Primary care providers are partnering with employers to form an optimal primary care delivery system
- A new partnership between the American Academy of Family Physicians and the National Alliance of Healthcare Purchaser Coalition was highlighted in a July 15 Modern Healthcare article.
- The partnership promotes a prospective payment system that supports advanced primary care, according to the article.
- HFMA’s Katie Gilfillan shares insight from a recent conversation she had with Michael Thompson, the CEO of the National Alliance of Healthcare Purchaser Coalitions, about the impetus for this initiative.
A recent Modern Healthcare article highlights a new partnership between the American Academy of Family Physicians and the National Alliance of Healthcare Purchaser Coalitions to promote a more sustainable primary care model. The partnership promotes a prospective payment system that supports advanced primary care.

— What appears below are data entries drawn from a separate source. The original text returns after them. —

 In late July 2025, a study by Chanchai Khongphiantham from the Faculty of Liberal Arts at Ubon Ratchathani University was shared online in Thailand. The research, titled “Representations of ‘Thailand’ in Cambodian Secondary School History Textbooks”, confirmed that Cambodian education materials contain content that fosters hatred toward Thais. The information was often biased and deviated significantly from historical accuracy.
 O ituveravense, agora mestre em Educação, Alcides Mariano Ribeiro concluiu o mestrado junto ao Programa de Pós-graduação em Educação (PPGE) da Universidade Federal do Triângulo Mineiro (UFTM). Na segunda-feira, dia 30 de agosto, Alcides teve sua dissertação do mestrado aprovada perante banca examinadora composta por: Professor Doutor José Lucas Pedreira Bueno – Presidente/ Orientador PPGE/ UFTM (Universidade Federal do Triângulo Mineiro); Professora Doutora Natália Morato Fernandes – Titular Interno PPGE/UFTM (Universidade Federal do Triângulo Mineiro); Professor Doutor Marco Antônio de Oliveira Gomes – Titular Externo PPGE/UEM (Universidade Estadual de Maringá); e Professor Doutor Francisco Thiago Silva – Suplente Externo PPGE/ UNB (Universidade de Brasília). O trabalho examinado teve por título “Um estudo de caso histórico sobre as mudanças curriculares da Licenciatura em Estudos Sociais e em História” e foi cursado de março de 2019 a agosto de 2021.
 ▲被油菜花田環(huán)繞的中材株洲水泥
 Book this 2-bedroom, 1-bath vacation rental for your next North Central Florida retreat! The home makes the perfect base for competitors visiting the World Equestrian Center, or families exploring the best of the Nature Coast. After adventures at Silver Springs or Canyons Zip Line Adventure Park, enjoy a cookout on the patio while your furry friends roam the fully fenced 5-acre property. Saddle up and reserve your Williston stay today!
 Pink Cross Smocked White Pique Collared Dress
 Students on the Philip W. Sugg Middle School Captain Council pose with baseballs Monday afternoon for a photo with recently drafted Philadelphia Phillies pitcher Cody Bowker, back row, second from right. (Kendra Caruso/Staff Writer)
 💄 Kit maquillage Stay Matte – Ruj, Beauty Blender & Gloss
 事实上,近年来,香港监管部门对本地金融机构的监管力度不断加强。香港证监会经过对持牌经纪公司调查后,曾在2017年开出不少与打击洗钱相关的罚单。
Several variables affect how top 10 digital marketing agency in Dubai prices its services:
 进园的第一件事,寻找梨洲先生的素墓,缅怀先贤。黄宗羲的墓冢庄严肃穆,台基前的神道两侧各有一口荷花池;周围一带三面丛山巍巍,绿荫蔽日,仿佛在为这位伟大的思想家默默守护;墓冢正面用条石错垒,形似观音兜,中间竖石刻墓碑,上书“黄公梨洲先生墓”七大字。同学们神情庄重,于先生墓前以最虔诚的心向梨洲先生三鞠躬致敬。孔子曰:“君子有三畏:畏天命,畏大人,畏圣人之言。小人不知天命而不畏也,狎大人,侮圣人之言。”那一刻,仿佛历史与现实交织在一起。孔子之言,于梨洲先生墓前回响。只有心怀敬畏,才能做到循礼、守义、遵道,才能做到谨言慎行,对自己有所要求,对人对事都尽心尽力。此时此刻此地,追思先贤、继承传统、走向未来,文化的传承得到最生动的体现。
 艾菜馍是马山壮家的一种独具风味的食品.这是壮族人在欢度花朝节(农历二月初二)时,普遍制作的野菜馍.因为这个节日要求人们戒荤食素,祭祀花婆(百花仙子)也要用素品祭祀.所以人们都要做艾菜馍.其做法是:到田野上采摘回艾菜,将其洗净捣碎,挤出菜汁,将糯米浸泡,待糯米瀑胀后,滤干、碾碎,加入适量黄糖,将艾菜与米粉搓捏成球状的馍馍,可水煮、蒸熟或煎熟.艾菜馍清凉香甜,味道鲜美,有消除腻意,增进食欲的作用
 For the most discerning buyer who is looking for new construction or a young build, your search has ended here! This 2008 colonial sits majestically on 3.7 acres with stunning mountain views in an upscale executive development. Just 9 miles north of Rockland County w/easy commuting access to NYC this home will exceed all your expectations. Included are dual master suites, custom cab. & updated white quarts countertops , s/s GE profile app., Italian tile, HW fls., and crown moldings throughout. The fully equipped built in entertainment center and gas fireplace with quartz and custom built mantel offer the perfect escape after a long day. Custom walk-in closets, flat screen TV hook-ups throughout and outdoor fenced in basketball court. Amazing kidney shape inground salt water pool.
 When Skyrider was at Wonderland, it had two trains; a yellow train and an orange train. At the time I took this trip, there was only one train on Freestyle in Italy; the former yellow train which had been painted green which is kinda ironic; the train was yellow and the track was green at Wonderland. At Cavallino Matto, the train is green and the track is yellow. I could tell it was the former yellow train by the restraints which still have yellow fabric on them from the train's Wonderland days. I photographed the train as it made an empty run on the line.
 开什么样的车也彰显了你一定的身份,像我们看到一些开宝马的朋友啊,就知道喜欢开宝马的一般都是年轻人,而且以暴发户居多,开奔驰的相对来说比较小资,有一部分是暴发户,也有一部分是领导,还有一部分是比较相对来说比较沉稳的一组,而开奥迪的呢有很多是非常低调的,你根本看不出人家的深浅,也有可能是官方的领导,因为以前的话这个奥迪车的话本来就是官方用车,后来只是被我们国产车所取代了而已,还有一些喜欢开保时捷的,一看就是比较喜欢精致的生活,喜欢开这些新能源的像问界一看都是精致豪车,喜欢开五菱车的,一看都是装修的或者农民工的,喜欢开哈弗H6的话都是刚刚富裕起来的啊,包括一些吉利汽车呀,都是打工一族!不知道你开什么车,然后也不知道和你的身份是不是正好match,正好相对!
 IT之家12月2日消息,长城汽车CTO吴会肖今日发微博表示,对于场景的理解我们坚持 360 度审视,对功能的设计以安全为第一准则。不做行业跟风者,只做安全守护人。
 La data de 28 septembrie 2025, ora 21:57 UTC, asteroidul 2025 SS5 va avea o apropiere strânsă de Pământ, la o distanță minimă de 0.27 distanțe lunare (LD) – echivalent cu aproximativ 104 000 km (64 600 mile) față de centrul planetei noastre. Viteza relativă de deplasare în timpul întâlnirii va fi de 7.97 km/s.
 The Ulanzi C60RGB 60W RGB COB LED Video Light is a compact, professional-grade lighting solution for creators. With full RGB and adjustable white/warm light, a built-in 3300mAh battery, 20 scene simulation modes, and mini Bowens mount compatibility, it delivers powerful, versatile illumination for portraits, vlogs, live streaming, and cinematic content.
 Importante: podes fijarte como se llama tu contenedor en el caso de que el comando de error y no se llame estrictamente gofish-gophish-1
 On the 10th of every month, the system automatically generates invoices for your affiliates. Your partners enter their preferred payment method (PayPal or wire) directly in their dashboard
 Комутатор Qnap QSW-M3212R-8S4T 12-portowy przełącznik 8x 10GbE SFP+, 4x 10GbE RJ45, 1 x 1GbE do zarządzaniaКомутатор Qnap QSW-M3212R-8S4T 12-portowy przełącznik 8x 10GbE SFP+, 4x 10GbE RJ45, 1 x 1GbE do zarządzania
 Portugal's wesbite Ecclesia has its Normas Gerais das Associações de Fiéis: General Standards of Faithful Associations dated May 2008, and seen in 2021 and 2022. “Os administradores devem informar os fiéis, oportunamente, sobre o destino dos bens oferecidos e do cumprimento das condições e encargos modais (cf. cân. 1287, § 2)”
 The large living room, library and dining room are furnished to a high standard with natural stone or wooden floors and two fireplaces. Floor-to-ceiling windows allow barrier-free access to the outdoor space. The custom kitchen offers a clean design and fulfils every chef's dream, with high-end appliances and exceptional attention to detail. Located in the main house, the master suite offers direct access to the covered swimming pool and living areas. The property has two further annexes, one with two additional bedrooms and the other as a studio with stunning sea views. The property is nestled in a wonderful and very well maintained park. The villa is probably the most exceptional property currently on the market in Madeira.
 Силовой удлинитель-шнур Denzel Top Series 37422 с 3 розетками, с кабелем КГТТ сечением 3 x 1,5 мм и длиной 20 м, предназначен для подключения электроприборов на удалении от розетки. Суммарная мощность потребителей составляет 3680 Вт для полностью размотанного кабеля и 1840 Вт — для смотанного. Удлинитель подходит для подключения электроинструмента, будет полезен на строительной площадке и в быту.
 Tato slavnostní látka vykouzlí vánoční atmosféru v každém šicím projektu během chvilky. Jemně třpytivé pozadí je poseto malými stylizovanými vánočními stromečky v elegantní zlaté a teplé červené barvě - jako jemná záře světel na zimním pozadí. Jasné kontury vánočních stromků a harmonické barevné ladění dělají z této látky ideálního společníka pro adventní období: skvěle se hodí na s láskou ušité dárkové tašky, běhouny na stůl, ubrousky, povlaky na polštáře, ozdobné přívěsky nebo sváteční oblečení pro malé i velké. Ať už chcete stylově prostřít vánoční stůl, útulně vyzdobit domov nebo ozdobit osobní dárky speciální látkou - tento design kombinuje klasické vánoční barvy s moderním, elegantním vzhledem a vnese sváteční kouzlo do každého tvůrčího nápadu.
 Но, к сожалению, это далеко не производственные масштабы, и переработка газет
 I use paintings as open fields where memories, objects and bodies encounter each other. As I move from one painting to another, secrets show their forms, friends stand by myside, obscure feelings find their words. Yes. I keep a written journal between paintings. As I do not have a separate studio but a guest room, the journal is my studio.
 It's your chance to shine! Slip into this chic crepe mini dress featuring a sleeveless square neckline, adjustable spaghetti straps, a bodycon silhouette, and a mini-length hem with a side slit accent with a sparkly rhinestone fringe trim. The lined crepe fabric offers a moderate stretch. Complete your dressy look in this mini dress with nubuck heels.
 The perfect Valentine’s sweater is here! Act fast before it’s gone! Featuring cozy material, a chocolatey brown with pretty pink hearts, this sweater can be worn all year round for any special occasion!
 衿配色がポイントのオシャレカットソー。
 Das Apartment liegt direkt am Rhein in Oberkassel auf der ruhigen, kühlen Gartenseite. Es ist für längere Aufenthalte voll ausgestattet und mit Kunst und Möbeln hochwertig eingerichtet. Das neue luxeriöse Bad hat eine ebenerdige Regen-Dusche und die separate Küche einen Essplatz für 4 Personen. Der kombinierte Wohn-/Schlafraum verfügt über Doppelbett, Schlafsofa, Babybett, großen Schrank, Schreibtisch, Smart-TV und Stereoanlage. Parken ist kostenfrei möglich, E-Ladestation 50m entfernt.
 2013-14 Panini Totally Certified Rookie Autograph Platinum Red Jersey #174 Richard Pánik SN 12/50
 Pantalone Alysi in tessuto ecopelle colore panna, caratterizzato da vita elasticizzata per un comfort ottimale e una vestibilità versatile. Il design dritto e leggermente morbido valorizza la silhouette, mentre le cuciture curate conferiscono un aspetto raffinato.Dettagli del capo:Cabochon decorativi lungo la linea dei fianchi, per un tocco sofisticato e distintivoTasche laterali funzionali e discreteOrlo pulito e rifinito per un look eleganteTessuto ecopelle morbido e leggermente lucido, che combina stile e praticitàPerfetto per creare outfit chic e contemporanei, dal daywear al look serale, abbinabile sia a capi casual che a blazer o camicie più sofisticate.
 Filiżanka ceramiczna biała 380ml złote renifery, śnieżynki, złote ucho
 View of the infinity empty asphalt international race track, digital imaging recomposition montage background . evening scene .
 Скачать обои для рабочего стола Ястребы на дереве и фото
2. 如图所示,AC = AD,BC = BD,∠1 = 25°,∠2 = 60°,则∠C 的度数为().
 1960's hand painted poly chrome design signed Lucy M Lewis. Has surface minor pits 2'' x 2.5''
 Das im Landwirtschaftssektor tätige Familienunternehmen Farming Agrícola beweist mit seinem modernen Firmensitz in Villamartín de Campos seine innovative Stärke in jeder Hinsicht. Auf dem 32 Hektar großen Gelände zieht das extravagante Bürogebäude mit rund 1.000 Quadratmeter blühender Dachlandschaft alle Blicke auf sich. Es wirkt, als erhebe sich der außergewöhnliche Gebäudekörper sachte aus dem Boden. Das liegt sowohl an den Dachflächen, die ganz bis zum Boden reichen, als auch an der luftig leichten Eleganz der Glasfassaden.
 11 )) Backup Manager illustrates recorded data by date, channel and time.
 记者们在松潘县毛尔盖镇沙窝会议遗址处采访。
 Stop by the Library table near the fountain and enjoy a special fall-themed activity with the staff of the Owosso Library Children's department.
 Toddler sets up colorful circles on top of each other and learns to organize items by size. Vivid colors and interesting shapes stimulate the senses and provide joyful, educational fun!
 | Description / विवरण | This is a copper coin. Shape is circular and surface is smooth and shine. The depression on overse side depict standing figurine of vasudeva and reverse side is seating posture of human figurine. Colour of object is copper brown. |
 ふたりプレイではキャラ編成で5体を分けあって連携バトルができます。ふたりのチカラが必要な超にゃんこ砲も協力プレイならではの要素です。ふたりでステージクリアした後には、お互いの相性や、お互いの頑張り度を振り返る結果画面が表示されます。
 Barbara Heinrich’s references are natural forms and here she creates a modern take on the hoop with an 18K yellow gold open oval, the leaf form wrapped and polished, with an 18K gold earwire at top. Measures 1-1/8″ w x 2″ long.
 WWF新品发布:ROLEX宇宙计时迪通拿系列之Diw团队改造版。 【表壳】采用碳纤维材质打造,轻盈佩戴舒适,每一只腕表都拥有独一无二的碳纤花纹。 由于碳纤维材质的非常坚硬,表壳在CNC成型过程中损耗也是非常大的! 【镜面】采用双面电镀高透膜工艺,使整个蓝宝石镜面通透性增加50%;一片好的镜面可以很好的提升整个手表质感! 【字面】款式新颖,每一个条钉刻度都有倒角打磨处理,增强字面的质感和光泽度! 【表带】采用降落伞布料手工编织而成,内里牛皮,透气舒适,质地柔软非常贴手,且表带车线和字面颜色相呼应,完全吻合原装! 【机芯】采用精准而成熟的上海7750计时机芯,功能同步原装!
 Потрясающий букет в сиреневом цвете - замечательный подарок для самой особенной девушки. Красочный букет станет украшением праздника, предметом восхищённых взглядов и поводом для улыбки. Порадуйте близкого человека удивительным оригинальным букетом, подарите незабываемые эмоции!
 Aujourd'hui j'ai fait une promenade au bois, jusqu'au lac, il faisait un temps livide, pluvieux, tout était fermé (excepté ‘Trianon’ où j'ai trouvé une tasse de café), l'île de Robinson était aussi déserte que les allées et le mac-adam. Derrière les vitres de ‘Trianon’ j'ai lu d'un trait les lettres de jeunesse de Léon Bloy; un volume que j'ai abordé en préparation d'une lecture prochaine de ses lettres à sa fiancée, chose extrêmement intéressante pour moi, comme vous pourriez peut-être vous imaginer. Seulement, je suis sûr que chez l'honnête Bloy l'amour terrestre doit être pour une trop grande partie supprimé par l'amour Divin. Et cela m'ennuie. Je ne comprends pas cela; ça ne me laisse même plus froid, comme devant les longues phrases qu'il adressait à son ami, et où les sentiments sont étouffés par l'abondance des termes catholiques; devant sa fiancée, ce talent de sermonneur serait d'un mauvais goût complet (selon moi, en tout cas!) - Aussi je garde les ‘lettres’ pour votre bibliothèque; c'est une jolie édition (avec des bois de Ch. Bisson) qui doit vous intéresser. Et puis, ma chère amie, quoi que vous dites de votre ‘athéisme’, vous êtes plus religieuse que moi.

I recently spoke with Michael Thompson, the CEO of the National Alliance of Healthcare Purchaser Coalitions, about the impetus for this initiative and the perspective of employers and other purchasers of care on the need for a more robust and sustainable primary care model.
Takeaway
The COVID-19 pandemic has disrupted primary care, and primary care providers’ dependency on fee-for-service (FFS) reimbursement for in-office visits has jeopardized the sustainability of many practices. However, this partnership which hopes to marry regional primary care practices directly with employers, promises a more sustainable primary care system and lower total cost for purchasers of care.
Thompson highlighted that much of the recent innovation in healthcare stems from providers who are effectively delivering a form of advanced primary care, such as Iora Health, Oak Street Health or Chen Med, which largely focus on the Medicare Advantage population. These organizations are able to tap into savings by successfully managing the cost of care of patients. They also promote care that is patient-centric, wholistic and improves health.
More comprehensive primary care such as these organizations provide has been found to lower total cost, lower admissions and promote better medication compliance, as highlighted by Thompson. In addition, higher primary care investment is associated with better hospital outcomes and decreased emergency department visits.
And while primary care models that treat the total person are not new, the National Alliance reported the “secret sauce” in effective primary care includes the seven key attributes outlined in its recent report. The seven attributes include integrating behavioral health, longer patient visits and managing referrals toward high-value providers.
To accomplish delivering the more robust breadth of services in this model, more investment is needed to build the infrastructure and adequately reimburse physicians. As far as payment structure:
- A National Alliance survey found a variety of approaches being used to support these models (e.g., capitation, shared savings, FFS plus add-on payments)
- The AAFP advocates for a prospective, performance-based model
The partnership will focus on developing regional linkages and educating providers and purchasers on the benefits of advanced primary care, where more investment upfront will save in downstream healthcare costs for covered employees.
However, this model does present challenges for hospital and health systems where the financial incentives are not aligned. If primary care practices are more comprehensive and patients are healthier, fewer referrals are made to specialists and hospital admissions are lower. And this misalignment is a barrier for widespread adoption. Though, with the recent COVID-19 pandemic, perhaps a new opportunity for a re-orientation of the healthcare system is upon us, to align hospitals, physician groups and purchasers of care along with payment models that support a more patient-centric system.